QPR: This is as far as QPR have been in the League Cup since 2008 when they upset Aston Villa in round three before losing 1-0 to a late penalty at Manchester United. They haven’t been in the quarter final of any cup competition since losing at Old Trafford in the FA Cup in 1995, and haven’t been in the quarter final of the League Cup since they lost 5-2 at Nottingham Forest having eliminated Cardiff, Charlton and Wimbledon in 1988. Trevor Francis’ brace in that 2-1 win at The Valley was the last time a QPR player scored two goals in a League Cup tie until Charlie Austin’s brace against Everton here in round three. Ilias Chair’s goal at Peterborough at the weekend was the second time QPR have scored direct from a corner at that end of London Road in four visits, and it continued Rangers run of scoring in 28 consecutive games dating back to March. Unfortunately it wasn’t enough to prevent a fourth successive away defeat, and fifth loss of the season — four of those by the same 2-1 scoreline. Defeat tonight would be the fourth time in as many seasons that QPR have been punted out of this competition by League One opposition after Plymouth in 2020, Portsmouth in 2019 and Blackpool in 2018. Sunderland eliminated Rangers here at the third round stage in 2016 when they were a Premier League side — Sandro scored QPR’s goal on his ninth 28th birthday. This is the thirteenth time QPR have been drawn at home in their last 19 cup ties.
Sunderland: It’s been a flying start to the season for Lee Johnson’s team who have won 14 of their 18 games in all competitions.
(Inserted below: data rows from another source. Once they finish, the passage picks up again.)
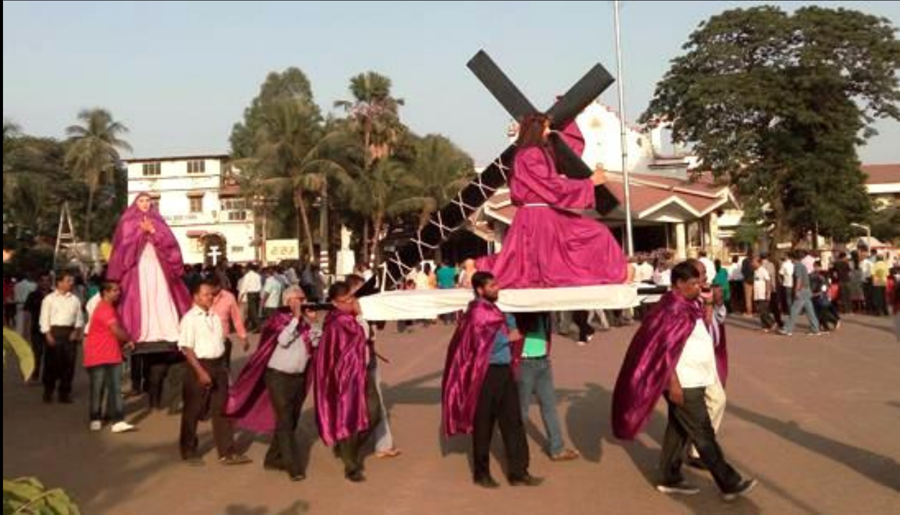
Palm Sunday Procession -- Kurla, India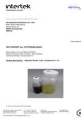
PAH TEST REPORT PU BINDER 1125 AL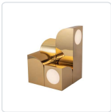
TL82412-PB Polished Brass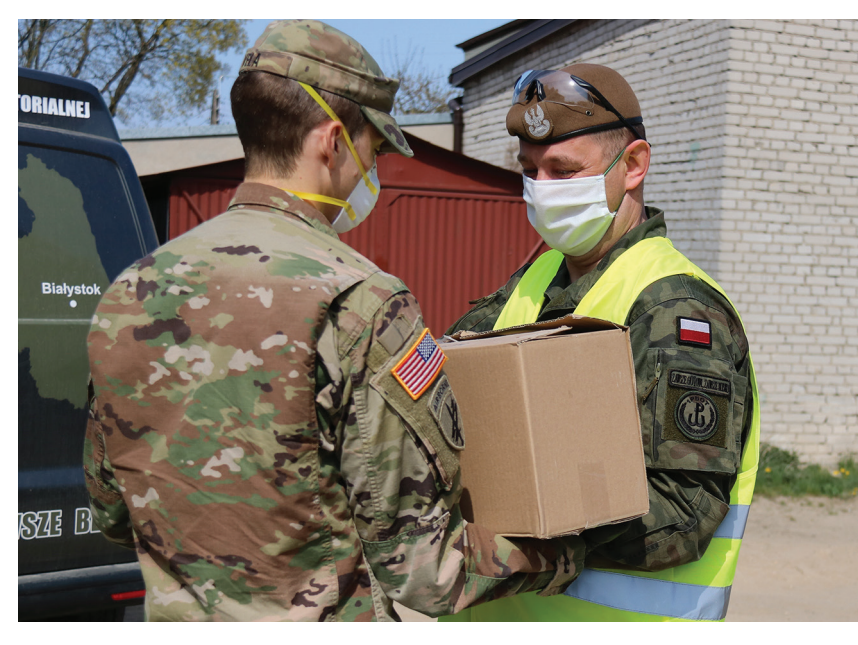
Soldiers from Bravo Company, 418th Civil Affairs Battalion, 308th Civil Affairs Brigade, 1st Infantry Division Forward, 353rd Civil Affairs Command, work with Polish forces from 1st Brigade, Territorial Defense Force, to distribute food to local authorities and medical facilities, 28 April 2020, in Monki, Poland.

More than strategic economy-of-force, comprehensive, continuous and consistent engagement is a scaled-up version of General Stanley McChrystal's "collaborative warfare." Joint Publication 3-08, Interorganizational Cooperation , describes collaboration as "a process where organizations work together to attain common goals by sharing knowledge, learning, and building consensus." As an employment of a strategic narrative of inclusion, a collaborative warfare approach to engagement enables the United States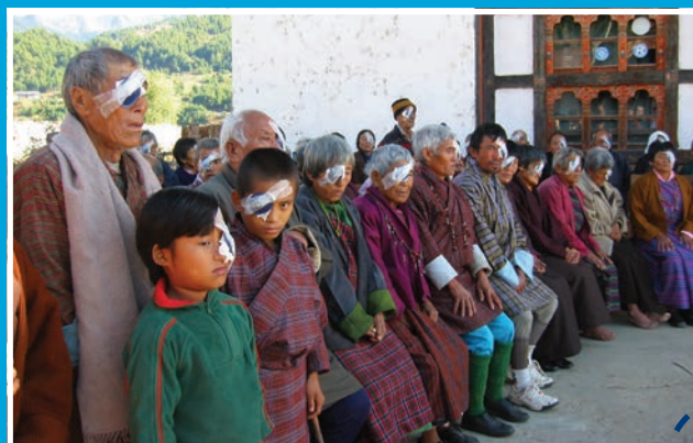
Figure 7. Postoperative cataract patients in Nepal.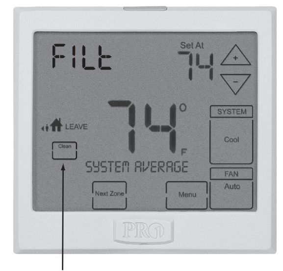
Hold down CLEAN for 3 seconds, to reset filter reminder.

Resetting the filter change reminder: When FILT reminder is displayed, you should change your air filter and reset the reminder by pressing the CLEAN key for 3 seconds. FILT will leave the display when reset.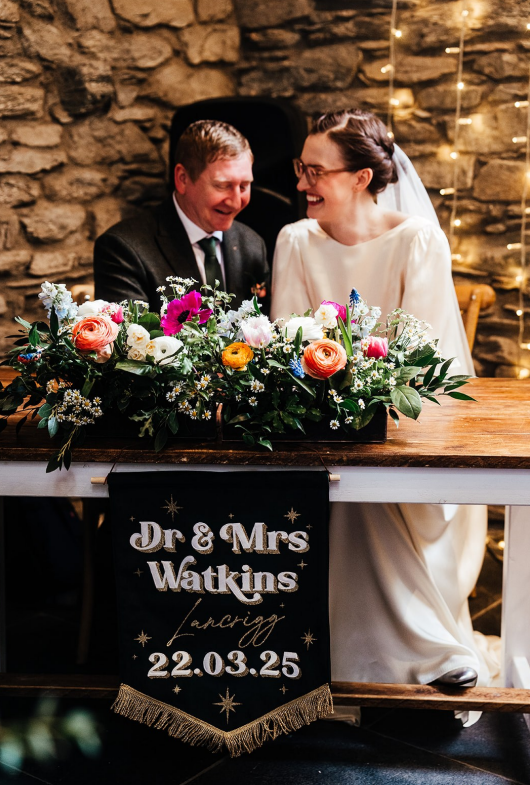
Cath Prescott Photography

They’ve reached this game tonight by beating League Two Port Vale 2-1 in round one, Championship side Blackpool 3-2 in round two and League One rivals Wigan 2-0 in round three — all four of their ties to this point have been away from the Stadium of Light. The 1-0 home loss to Charlton at the weekend brought to an end a run of seven consecutive victories to begin the season at home. They have been slightly more wobbly away, with a 1-0 loss at Burton Albion, two goal lead surrendered for a draw at Fleetwood, and 4-0 loss at struggling Portsmouth but they come into this on a run of three successive road game wins at Lincoln (in the EFL Trophy), Gillingham and Crewe. Ross Stewart top scores here with nine but Sunderland have used 34 players already in all competitions this season and 14 of those players have at least one goal to their name.
Prediction: I’m going to back us. I think we’ll do it. Please avoid me afterwards if we don’t.